Riuscire a stimolare i nostri sensi al punto di vivere un’esperienza realistica e comprendere come il cervello elabora queste informazioni, come si originano i nostri comportamenti e quali sono le nostre emozioni: tutto questo rappresenta, da tempo, una grande sfida per la ricerca neuroscientifica. I rapidi sviluppi delle tecnologie e dell’informatica negli ultimi tre decenni hanno offerto un nuovo e potente strumento per affrontarla, ovvero la realtà virtuale, che ha iniziato a ricoprire un ruolo importante come strumento di indagine nei laboratori di ricerca di tutto il mondo.
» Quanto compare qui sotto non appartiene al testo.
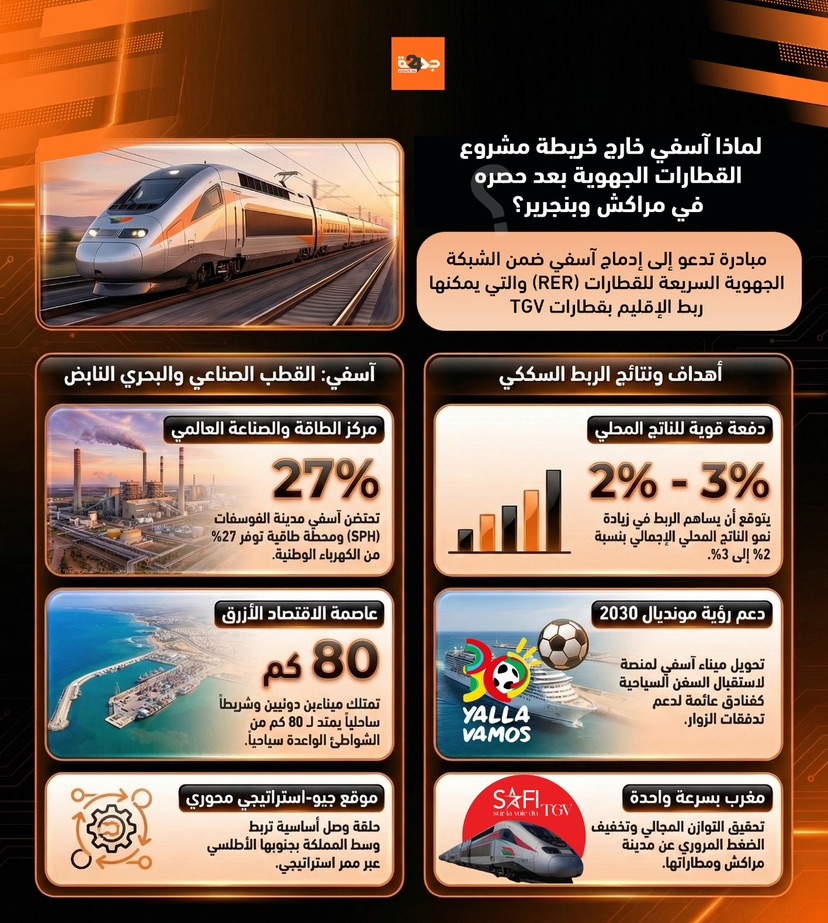 الجهة 24 – آسفيفي الوقت الذي حذر فيه الملك محمد السادس، من سن سياسات ومشاريع تجعل المغرب يمضي بسرعتين، وفي اللحظة التي ينخرط فيها المغرب في تحول غير مسبوق على مستوى النقل الحضري وبين المدن استعداداً لاحتضان كأس العالم 2030، أثار الكشف عن تفاصيل مشروع الشبكة الجهوية السريعة للقطارات (RER) تساؤلات حول التوزيع المجالي لهذه المشاريع واستمرار إقصاء إقليم آسفي وعزله. فرغم أن المشروع يستهدف ثلاث جهات رئيسية، من بينها “جهة مراكش-آسفي”، إلا أن التفاصيل التقنية كشفت عن غياب تام لمدينة آسفي وإقليمها من خريطة هذا الربط السككي الجديد.وتُظهر المعطيات الرسمية لمشروع القطارات الجهوية السريعة (RER) بجهة مراكش-آسفي أنه اقتصر على خط واحد يمتد على طول 74 كيلومتراً فقط، ليربط بين ست محطات محصورة جغرافياً بين بنجرير ومراكش. وتشمل هذه المحطات: بنجرير، المدينة الخضراء، سيدي بوعثمان، الملعب الكبير لمراكش، مراكش بالميراي، ومراكش جليز. هذا الحصر الجغرافي يعني أن حاضرة المحيط، آسفي، التي تُعد ركيزة أساسية في الجهة، قد أُسقطت تماماً من هذا المشروع الطموح الذي يهدف إلى توفير رحلات سريعة بتردد يصل إلى 30 دقيقة بين الضواحي ومركز مراكش.نداء من أجل إدماج آسفي في شبكة “البراق“وأمام خطر التهميش السككي، وبمجرد إعلان استعداد المغرب لتمديد خط القطار فائق السرعة (TGV) نحو مراكش وأكادير، خرجت للعلن مبادرة مدنية تحت شعار “نداء من أجل إدماج مدينة آسفي ضمن شبكة القطار فائق السرعة: من أجل مغرب بسرعة واحدة”. وحذر أصحاب المبادرة من خطر خلق “مغرب بسرعتين”، حيث تبقى مدينة استراتيجية ومنتجة وأطلسية مثل آسفي معزولة عن الدينامية الوطنية الحديثة لشبكات التنقل. واعتبر النداء أن إدماج آسفي هو ضمان للتماسك الترابي للمملكة وتجسيد للرؤية الملكية الرامية إلى تحقيق العدالة المجالية واللامركزية. و تستند المبادرة في ترافعها إلى معطيات اقتصادية ديموغرافية قوية؛ فإقليم آسفي يضم قرابة مليون نسمة، ويشكل صلة وصل حيوية بين وسط المملكة وجنوبها الأطلسي. وتساءل النداء عن كيف يمكن استثناء قطب صناعي يضم “مدينة آسفي فوسفاط هاب” (SPH) الممتدة على مساحة 1300 هكتار، ومحطة حرارية(Safiec) توفر 27% من الكهرباء الوطنية، وموانئ دولية، وأكبر احتياطي عالمي من الجبس، من شبكة النقل الحديثة. كما أكد التقرير أن ربط آسفي بالصويرة عبر شبكة القطارات السريعة سيساهم في فك العزلة عن الطرق الوطنية المكتظة، وسيضيف ما بين 2 إلى 3 نقاط في الناتج الداخلي الخام (PIB)، فضلاً عن خلق فرص عمل وتحفيز السياحة.ولم تكتفِ المبادرة بطرح المشكل، بل قدمت حلولاً استراتيجية مرتبطة بتنظيم مونديال 2030، وهو نفس الحدث الذي سُرّعت من أجله مشاريع (RER) في المدن الأخرى التي تحتضن الملاعب الكبرى كبنسليمان والرباط ومراكش. ويقترح النداء الاستفادة من ميناء آسفي الصناعي الجديد لاستقبال سفن سياحية ضخمة تلعب دور “فنادق عائمة” خلال المونديال. ولتحقيق ذلك، يطالب النداء بربط مباشر بين ميناء آسفي وقطار(TGV)، مع تثنية وتحديث الخط السككي نحو مراكش، مما سيجعل من آسفي “رئة لوجستية” تخفف الضغط السياحي الخانق عن مدينة مراكش ومطاراتها. تصفّح المقالاتالبرلماني محمد كريم يطالب بإدراج آسفي ضمن مشروع تمديد القطار فائق السرعة وفك العزلة عن المدينة المحامي آيت بلعربي يتقدم بشكاية أمام النيابة العامة لتسريع التحقيق في وفاة عمر حلفي عند الفرقة الوطنية للشرطة القضائية

Infatti, quando indossiamo un visore di realtà virtuale, esperiamo gli oggetti e gli ambienti virtuali come se fossero in qualche modo reali e ci sentiamo pienamente coinvolti negli eventi che ci circondano. Ma perché la realtà virtuale ha questo effetto su di noi? Come reagisce il nostro corpo e il nostro cervello quando siamo immersi in un ambiente virtuale? E come possiamo sfruttare questa tecnologia per migliorare la vita delle persone?

Gaetano Tieri, Ph.D in Neuroscienze Cognitive e Sociali e Valentino Megale, Ph.D in Neurofarmacologia e CEO di Softcare Studios, rispondono a questi interrogativi nell’articolo scritto in esclusiva per il nostro blog: il primo di una serie realizzata in collaborazione con VRE – Virtual Reality Experience – il festival internazionale ideato e diretto da Mariangela Matarozzo che si svolgerà a Roma dal 16 al 18 ottobre.

Realtà Virtuale e sviluppo sostenibile 2030: è infatti questo il fil rouge che attraversa VRE20. Vita comune, istruzione, lavoro, salute, diseguaglianze di genere, sostenibilità e sviluppo sono i grandi temi dell’agenda 2030 per affrontare i meandri nei quali la realtà virtuale potrebbe essere, in alcuni casi è già, uno strumento prezioso di coinvolgimento ed indagine. VRE20 espande così ulteriormente i propri confini e per farlo si avvale di personalità di grande talento e competenza che spaziano dall’ambito scientifico a quello artistico, da quello imprenditoriale a quello tecnico, in perfetto stile Humanistic Management.

Fra i focus anche Salute e Medicina, fra i settori che più hanno sentito i benefici della realtà aumentata negli ultimi anni: a partire dall’ambito della riabilitazione motoria e cognitiva, dei disturbi in ambito psichiatrico, per finire all’apprendimento in un contesto di simulazione. Terreni di ricerca e di cura in cui la realtà virtuale ed aumentata possono effettivamente fare la differenza.

Principali vantaggi della realtà virtuale come nuovo strumento per la ricerca scientifica in neuroscienze.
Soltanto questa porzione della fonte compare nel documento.